Initially, I didn’t think too hard about this requirement and simply wrote a code to store the uploaded CSV file as an array in memory and store it line by line in SAP HANA Cloud with Insert statement. The simplified code is as follows.
const csvSync = require('csv-parse/lib/sync');
let csvdata = fs.readFileSync('/app/public/temp/' + req.file.filename);
let csvarray = csvSync(csvdata); //Convert csv file to array
..........
var sql = 'INSERT INTO "HCIMPORTSAMPLE_HDI_DB_1"."hcimportsample.db::testtable" VALUES(?,?,?,?,?,?,?,?,?,?);';
var stmt = conn.prepare(sql);
for (let i=0;i<csvarray.length;i++){
try {
stmt.exec([csvarray[i][0],csvarray[i][1],csvarray[i][2],csvarray[i][3],csvarray[i][4],csvarray[i][5],csvarray[i][6],csvarray[i][7],csvarray[i][8],csvarray[i][9]]);
} catch (err) {
console.log("Insert error --- ", i.toString());
console.log("SQL=", sql);
console.log("DB Error: SQL Execution --- ", err);
return;
}
}
*This code saves the CSV file uploaded from the web browser under /app/temp/public once.
In conclusion, this process will be fine if the number of rows in the CSV file is at the level of a few lines. However, with a test file of 10000 rows, it took about 40 seconds to run. (including file upload)
I set
conn.setAutoCommit(false);
before this loop and running this loop as a single transaction did not result in a very dramatic improvement.
Whether this is a good idea depends on your requirements. However, I think it takes too much time.
SAP HANA Cloud can import data from S3 and Azure Storage, and since SAP Object Store is an entity of these, it can be imported into SAP HANA Cloud with IMPORT statement. So I decided to upload the CSV file to the Object Store and then import it.

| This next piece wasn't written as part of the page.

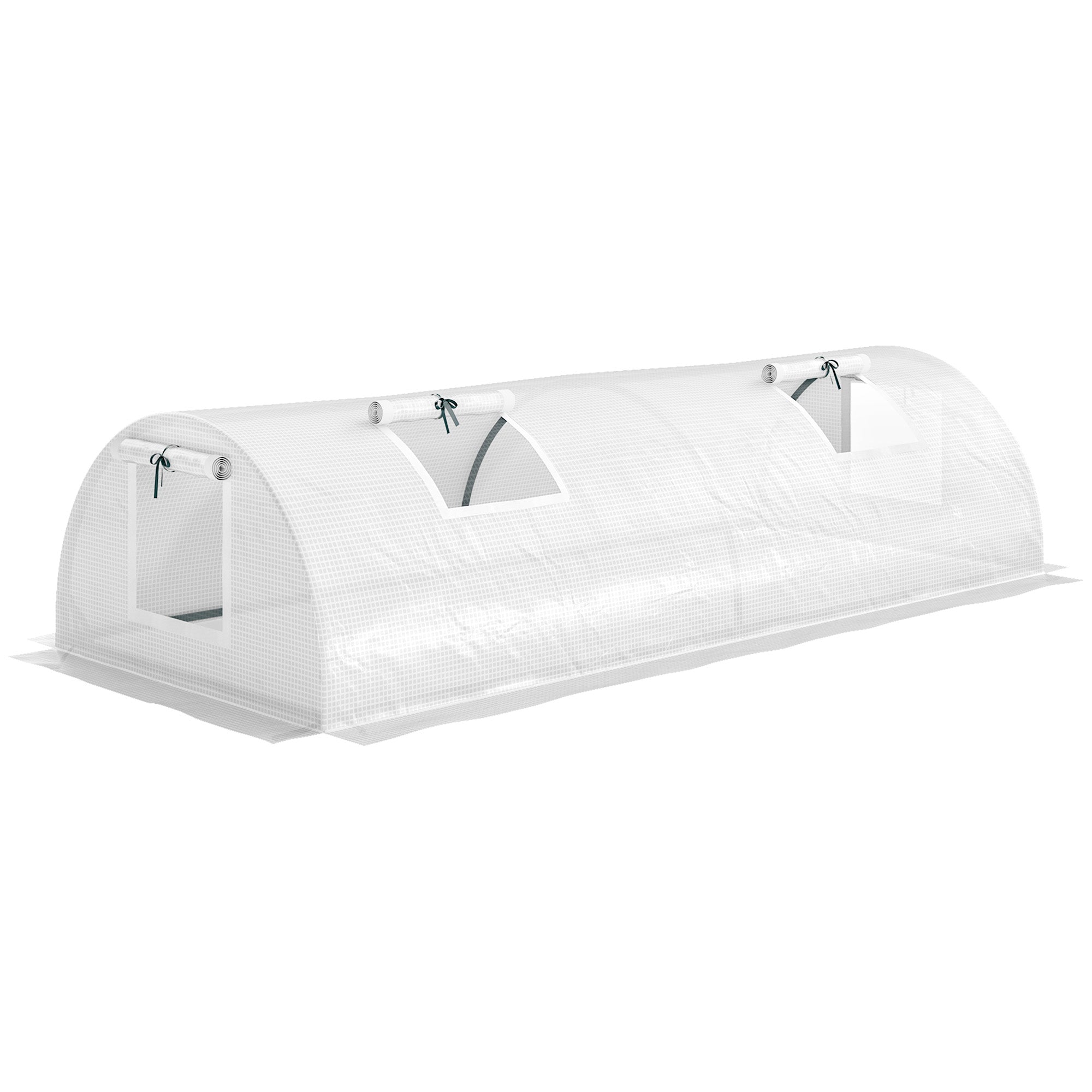 • 7' x 3' x 2' Portable Mini Greenhouse, Tunnel Growing Tent Plants Flower Warm House with 5 Mesh Windows and Steel Frame, for Garden, Patio, Backyard, White
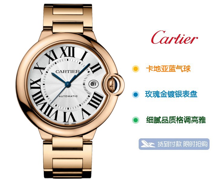 - 浙江 张女士 182****6923 卡地亚蓝气球系列W69006Z2玫瑰金蓝钢大三针银色大盘日期显示自动上链男表卡地亚蓝气球系列W69006Z2玫瑰金蓝钢大三针银色大盘日期显示自动上链男表

Setting up access to the Object Store
Use this information to set up access from HANA Cloud. Also, since It will be importing
Don’t forget to give IMPORT permission to the user, which can be found in the Sensitive Data of the HDI container.
Import from Object Store
Uploading data from Node.js to the Object Store is done using aws-sdk. If you have bind your application and Object Store service , you can use vcap_services so that you don’t need to write access information directly into the code like this.

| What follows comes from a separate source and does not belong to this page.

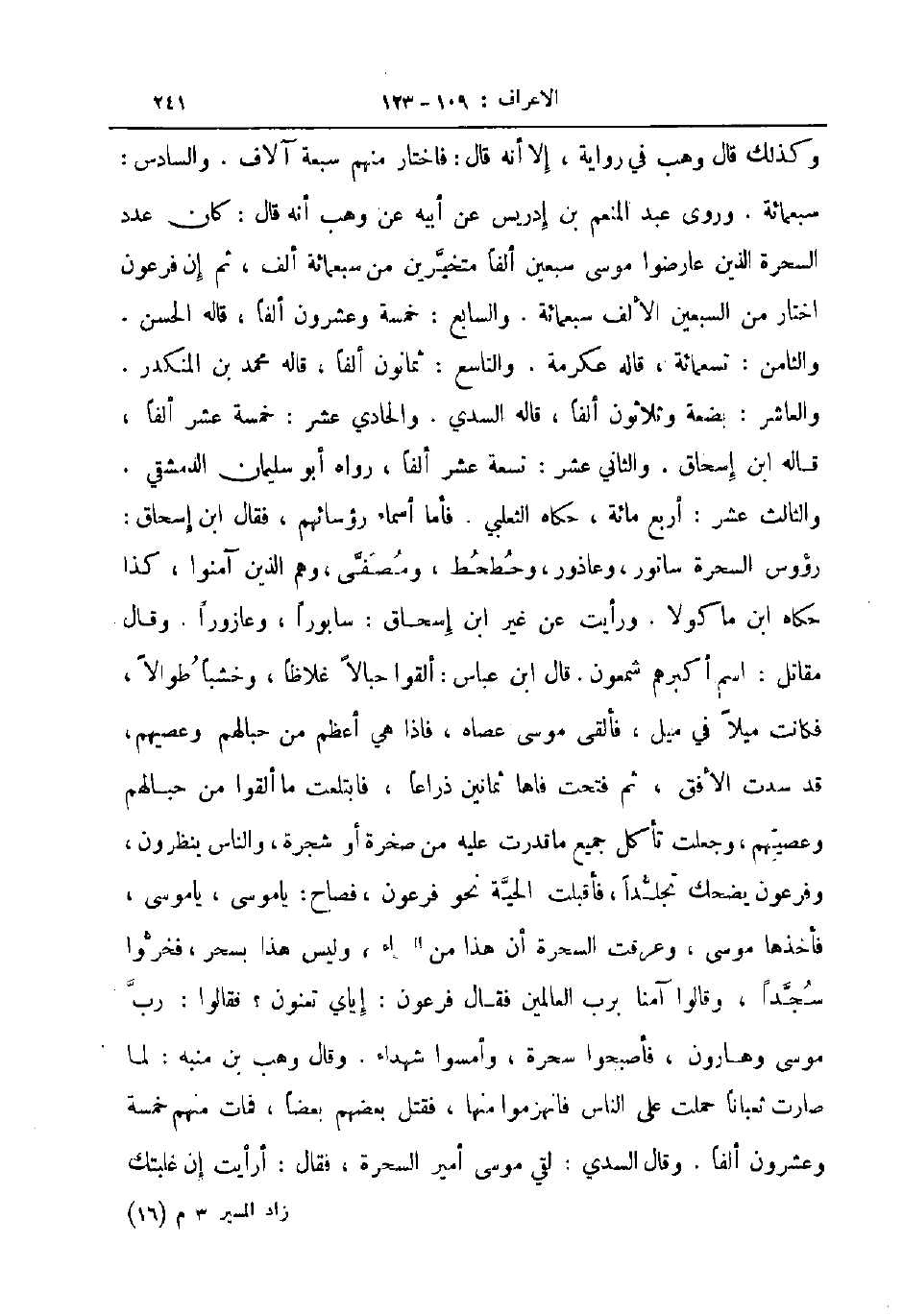 وكذلك قال وهب في رواية ألا أنه قال فاختار منهم سبعة آلاف والسادس سبعمائة وروى عبد المنعم بن إدريس عن ابيه عن وهب أنه قال كان عدد السحرة الذين عارضوا موسى سبعين ألفا متخيرين من سبعمائة ألف ثم إن فرعون اختار من السبعين الألف سبعمائة ولاسابع خمسة وعشرون ألفا قاله الحسن والثامن تسعمائة قاله عكرمة والتاسع ثمانون ألفا قاله محمد بن المنكدر والعاشر بضعة وثلاثون ألفا قاله السدي والحادي عشر خمسة عشر ألفا قاله اب اسحاق والثاني عشر تسعة عشر ألفا رواه أبو سليمان الدمشقي والثالث عشر أربع مائة حكاه الثعلبي فأما أسماء رؤسائهم فقال ابن اسحاق رؤوس السحرة سانور وعاذور وحطحط ووصفى وهم الذين آمنوا كذا حكاه ابن ماكولا ورأيت عن غير ابن اسحاق سابورا وعازورا وقال مقاتل اسم أكبرهم شمعون قال ابن عباس ألقوا حبالا غلاظا وخشبا طوالا فكانت ميلا في مثل فألقى موسى عصاه فاذا هي أعظم من حبالهم وعصيهم قد سدت الأفق ثم فتحت فاها ثمانين ذراعا فابتلعت ما ألقوا من حبالهم وعصيهم وجعلت تأكل جميع ما قدرت عليه من صخرة أو شجرة والناس ينظرون وفرعون يضحك تجلدا فأقبلت الحية نحو فرعون فصاح يا موسى يا موسى فأخذها موسى وعرفت السحرة أن هذا من السماء وليس هذا بسحر فخروا سجدا وقالوا آمنا برب العالمين فقال فرعون إياي تمنون فقالوا رب موسى وهارون فأصبحوا سحرة وأمسوا شهداء وقال وهب بن منبه لما صارت ثعبانا حملت على الناس فانهزموا منها فقتل بعضهم بعضا فمات منهم خمسة وعشرون ألفا وقال السدي لقي موسى أمير السحرة فقال أرأيت إن غلبتك

The simplified code for uploading files to S3 and importing data into the SAP HANA Cloud database looks like this
var AWS = require('aws-sdk');
let csvdata = fs.readFileSync('/app/public/temp/' + req.file.filename);
const credentials = new AWS.Credentials({ accessKeyId: vcap_services.objectstore[0].credentials.access_key_id, secretAccessKey: vcap_services.objectstore[0].credentials.secret_access_key });
AWS.config.credentials = credentials;
AWS.config.update({ region: vcap_services.objectstore[0].credentials.region });
var s3 = new AWS.S3();
var params = {
Bucket: vcap_services.objectstore[0].credentials.bucket,
Key: req.file.filename
};
params.Body = csvdata;
var putObjectPromise = s3.putObject(params).promise();
putObjectPromise.then(function (data) {
var sql = "IMPORT FROM CSV FILE 's3-" + vcap_services.objectstore[0].credentials.region + "://" +
vcap_services.objectstore[0].credentials.access_key_id + ":" + vcap_services.objectstore[0].credentials.secret_access_key + "@" +
vcap_services.objectstore[0].credentials.bucket + "/" + req.file.filename + "' INTO " +
'"HCIMPORTSAMPLE_HDI_DB_1"."hcimportsample.db::testtable";';
var stmt = conn.prepare(sql);
try {
stmt.exec();
} catch (err) {
console.log("IMPORT ERROR --- ");
console.log("SQL=", sql);
console.log("DB Error: SQL Execution --- ", err);
}
return;
}).catch(function (err) {
console.log(err);
return;
});
In this example, the CSV file is placed in a directory local to the application and copied to the Object Store, as I modified the code in the previous loop insertion example. Originally, it would be better to upload the data directly to the Object Store.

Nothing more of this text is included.